### [TRY IT]
From the line containing "Next, use a" down to the last line of the material, output each line exactly as it appears, excluding pictures.

### [PROVIDED DATA]
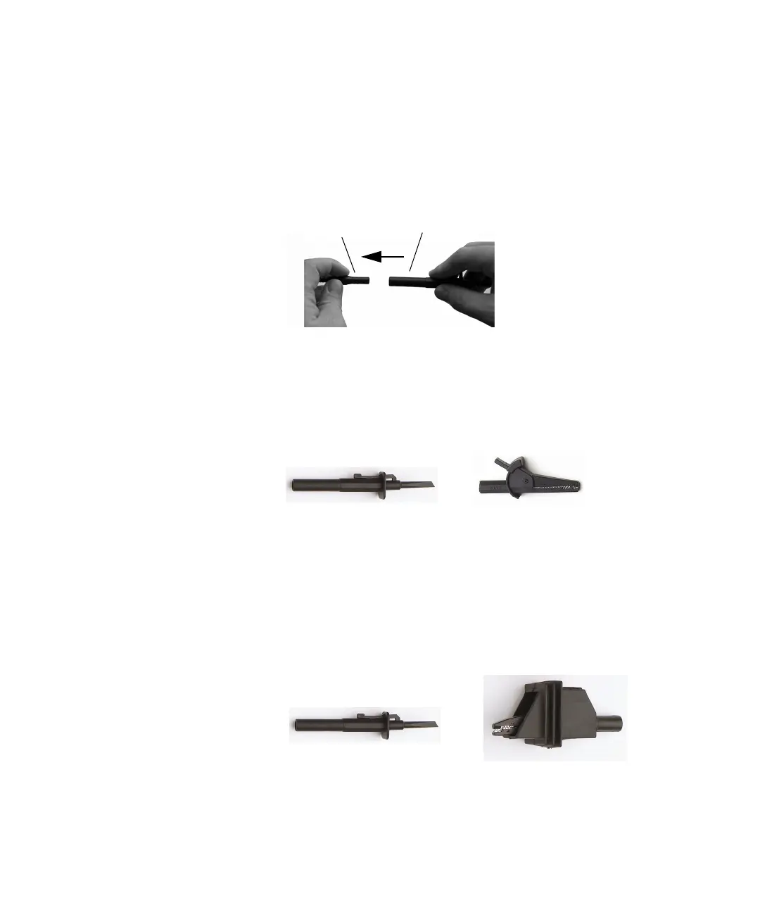 attached by pushing them onto the probe leads as shown below.
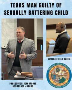 Prosecutor Jeffrey Moore, assisted by Prosecutor Jack Lyons, called two witnesses – including the victim – to prove the defendant sexually battered and molested her here in 2012. The jury took just over an hour to reach its verdict.
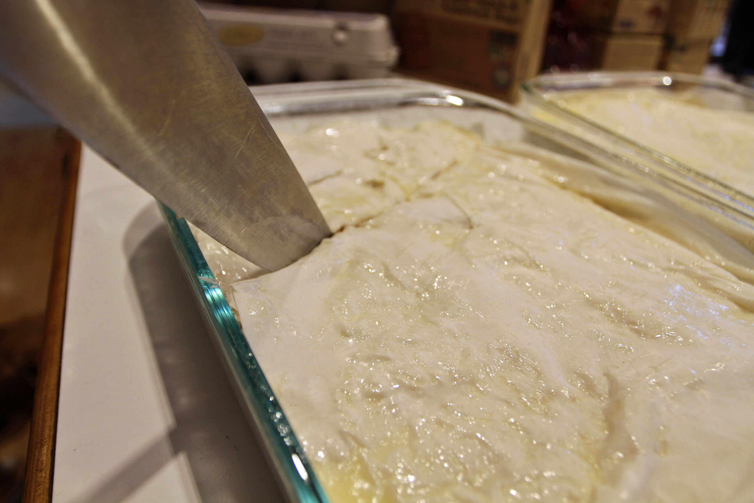 Next, use a knife to cut the uncooked baklava into diagonal pieces. You can make the pieces however big you want, but if you will be putting them into cupcake papers (as I sometimes do), make sure they are small enough to fit. Cut all the way through the bottom layer. This takes patience because the top layer will peel away sometimes. The more butter on the top layer, the less pulling away of that top layer of phyllo dough. Also, a spoon helps hold it down as you cut.
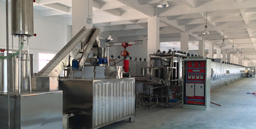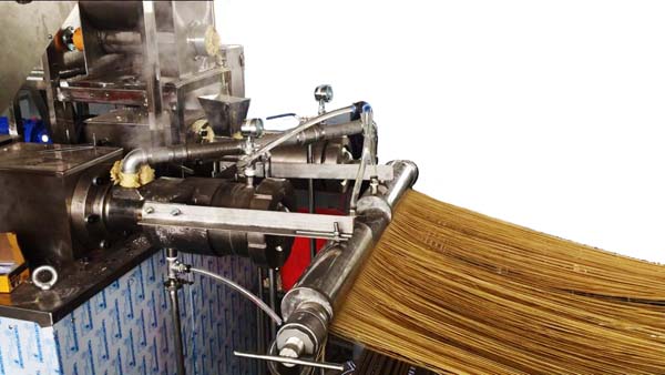 本生產(chǎn)線采用擠壓非膨化技術(shù),通過高壓高溫使雜糧淀粉糊化并形成條狀;本設(shè)備適用于多種雜糧谷物,針對不同糧食的特性,只需調(diào)整相關(guān)的PLC參數(shù),即可實(shí)現(xiàn)不同原料雜糧面條的生產(chǎn)。
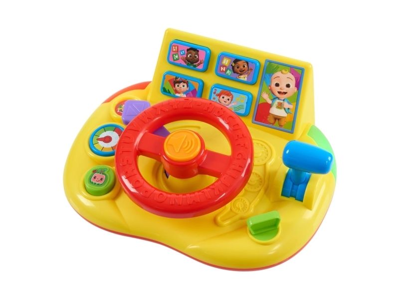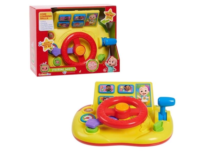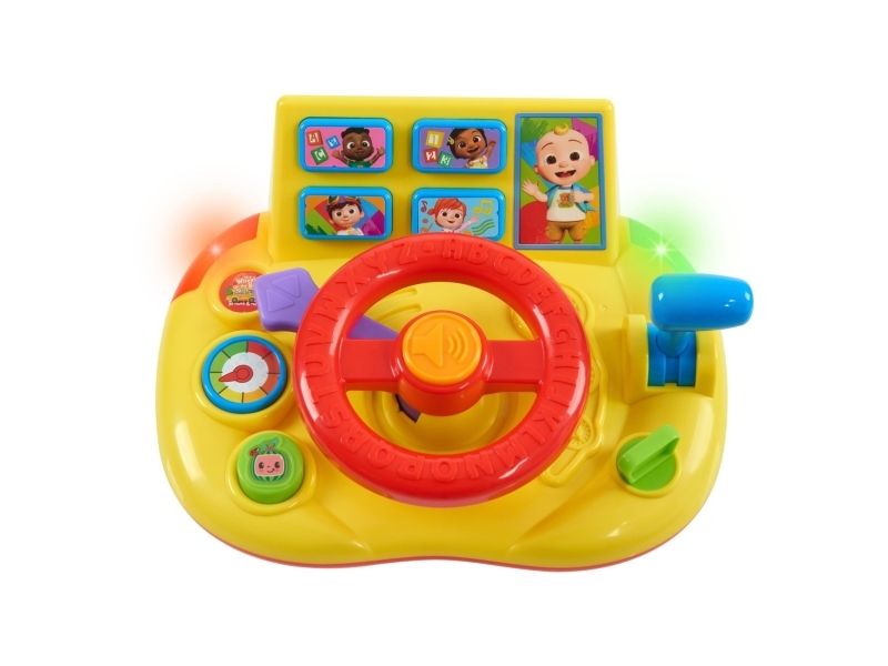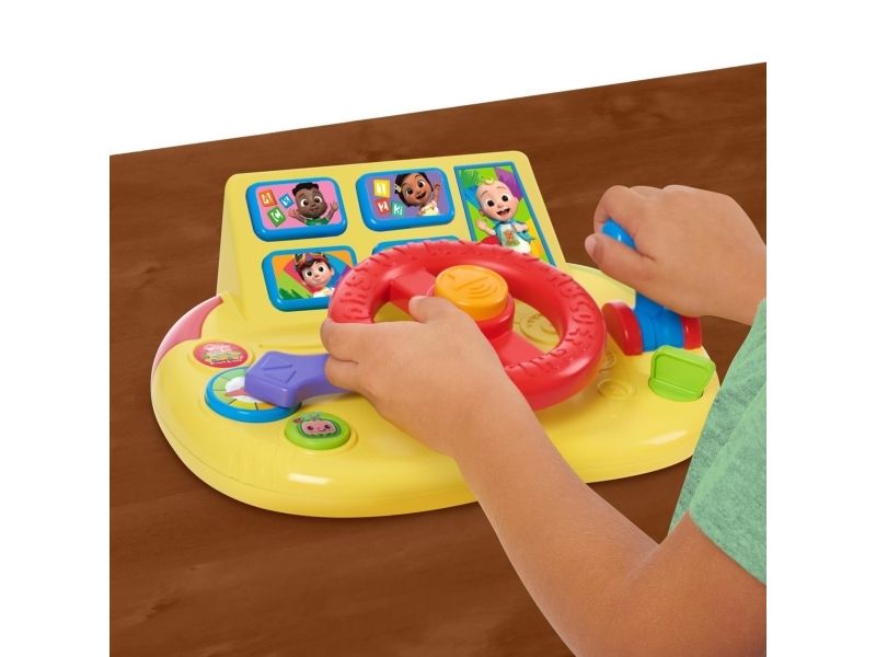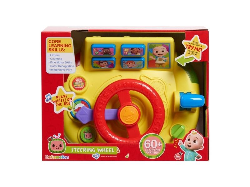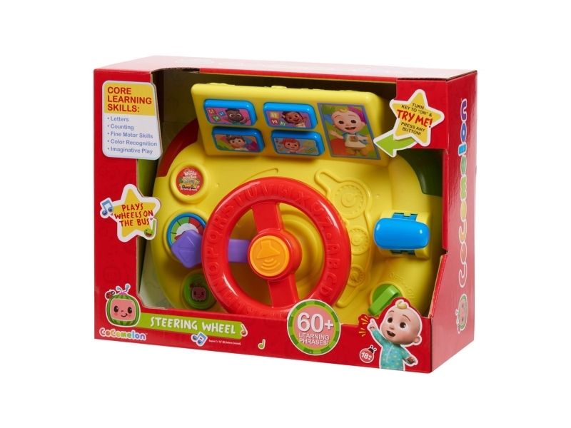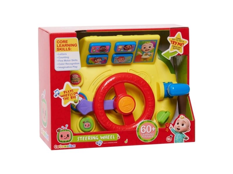 Lær og lek med JJ! Med CoComelon Learning Steering Wheel kan barna snu, skifte og vri seg til et morsomt læringseventyr med JJ og venner. Dette fargerike, interaktive leketøyet for småbarn er inspirert av "Wheels on the Bus"-episoden av CoComelon-animasjonsserien. Den inneholder over 60 fraser som vil hjelpe førskolebarn med å lære bokstaver, tall, finmotorikk, fargegjenkjenning og fantasifull lek. Trykk på en knapp for å velge mellom 4 læringsmoduser: ABC, 1-2-3, Musikk og Øye. Ved å late som de kjører, vil barna aktivere morsomme lyder og lære fraser. Barn kan vri nøkkelen, skifte gir, vri på rattet, signalisere en sving, tute på hornet og mer. Ta med deg CoComelon Learning Steering Wheel, så vel som resten av CoComelon lærings- og utdanningsleker, for å gjøre nysgjerrige småbarn glade og smarte! Krever 2 x AA-batterier (inkludert). For barn fra 18 måneder og oppover.
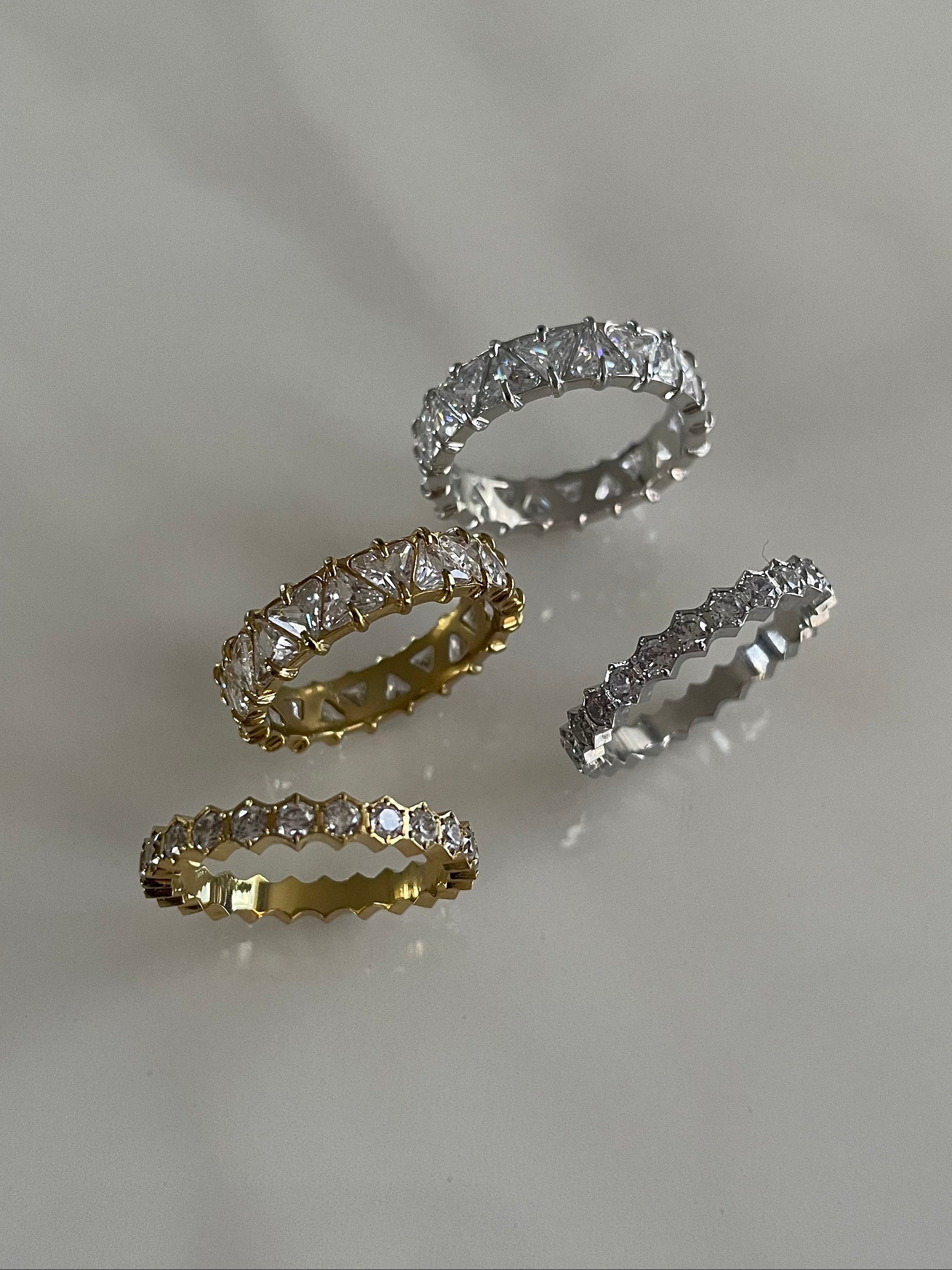 Crafted to catch the light from every angle, our Lumina rings are designed for effortless stacking or a bold statement worn on their own. Available in both silver and gold, each new piece adds timeless sparkle to your everyday style.

### [PROBLEM SOLUTION]
 Next, use a knife to cut the uncooked baklava into diagonal pieces. You can make the pieces however big you want, but if you will be putting them into cupcake papers (as I sometimes do), make sure they are small enough to fit. Cut all the way through the bottom layer. This takes patience because the top layer will peel away sometimes. The more butter on the top layer, the less pulling away of that top layer of phyllo dough. Also, a spoon helps hold it down as you cut.
 本生產(chǎn)線采用擠壓非膨化技術(shù),通過高壓高溫使雜糧淀粉糊化并形成條狀;本設(shè)備適用于多種雜糧谷物,針對不同糧食的特性,只需調(diào)整相關(guān)的PLC參數(shù),即可實(shí)現(xiàn)不同原料雜糧面條的生產(chǎn)。
 Lær og lek med JJ! Med CoComelon Learning Steering Wheel kan barna snu, skifte og vri seg til et morsomt læringseventyr med JJ og venner. Dette fargerike, interaktive leketøyet for småbarn er inspirert av "Wheels on the Bus"-episoden av CoComelon-animasjonsserien. Den inneholder over 60 fraser som vil hjelpe førskolebarn med å lære bokstaver, tall, finmotorikk, fargegjenkjenning og fantasifull lek. Trykk på en knapp for å velge mellom 4 læringsmoduser: ABC, 1-2-3, Musikk og Øye. Ved å late som de kjører, vil barna aktivere morsomme lyder og lære fraser. Barn kan vri nøkkelen, skifte gir, vri på rattet, signalisere en sving, tute på hornet og mer. Ta med deg CoComelon Learning Steering Wheel, så vel som resten av CoComelon lærings- og utdanningsleker, for å gjøre nysgjerrige småbarn glade og smarte! Krever 2 x AA-batterier (inkludert). For barn fra 18 måneder og oppover.
 Crafted to catch the light from every angle, our Lumina rings are designed for effortless stacking or a bold statement worn on their own. Available in both silver and gold, each new piece adds timeless sparkle to your everyday style.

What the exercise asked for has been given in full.